Content starts
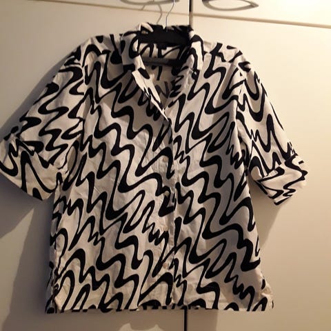 Laadukas Monkin pitkä paitamekko, koko XXS, mutta menee helposti S-kokisellekin. Mekossa on pitkät hihat, kaulus ja nappikiinnitys koko pituudelta. Vyötäröllä on irrotettava ja säädettävä vyö, jolla istuvuutta voi muokata, muuten suora malli. Kuosina on suuri, graafinen kirjava kuvio tummansinisellä pohjalla. Materiaali on 95% polyesteriä, jossa on 5% elastaania joustavuuden lisäämiseksi. Koko pituus n. 117cm, leveys vyötärön kohdalla n. 44cm. Käytetty kaksi kertaa.
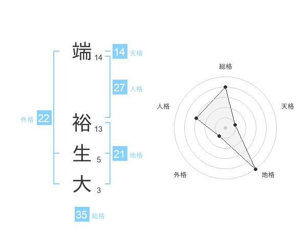 端 裕生大さんの地格は21画の5点!
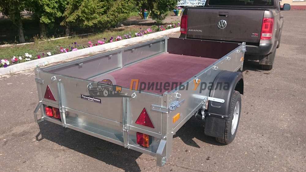 Прицеп ССТ-7132-02 полностью изготовлен из оцинкованного листа с применением лазерной технологии раскроя. Настил платформы и внутренние поверхности откидных бортов выполнены из влагостойкой фанеры толщиной 9 мм. Ось усиленная из трубы диаметром 60 мм. Наиболее сложные узлы подвески (такие как – ступицы, амортизаторы, подрессорники) применены от отечественных серийных автомобилей.
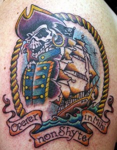 肩部彩色海盗骷髅和旧船纹身图片
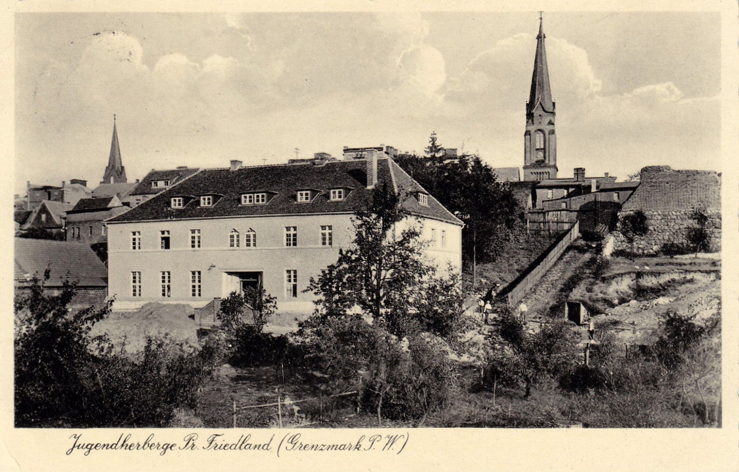 1940 , Debrzno - panorama, z prawej nieistniejąca wieża kościoła ewangielickiego na rynku.Skomentuj zdjęcie
Content ends
_Task prompt_.
Each record should be printed exactly as it appears, leaving the pictures out.

_Answer section_.
 Laadukas Monkin pitkä paitamekko, koko XXS, mutta menee helposti S-kokisellekin. Mekossa on pitkät hihat, kaulus ja nappikiinnitys koko pituudelta. Vyötäröllä on irrotettava ja säädettävä vyö, jolla istuvuutta voi muokata, muuten suora malli. Kuosina on suuri, graafinen kirjava kuvio tummansinisellä pohjalla. Materiaali on 95% polyesteriä, jossa on 5% elastaania joustavuuden lisäämiseksi. Koko pituus n. 117cm, leveys vyötärön kohdalla n. 44cm. Käytetty kaksi kertaa.
 端 裕生大さんの地格は21画の5点!
 Прицеп ССТ-7132-02 полностью изготовлен из оцинкованного листа с применением лазерной технологии раскроя. Настил платформы и внутренние поверхности откидных бортов выполнены из влагостойкой фанеры толщиной 9 мм. Ось усиленная из трубы диаметром 60 мм. Наиболее сложные узлы подвески (такие как – ступицы, амортизаторы, подрессорники) применены от отечественных серийных автомобилей.
 肩部彩色海盗骷髅和旧船纹身图片
 1940 , Debrzno - panorama, z prawej nieistniejąca wieża kościoła ewangielickiego na rynku.Skomentuj zdjęcie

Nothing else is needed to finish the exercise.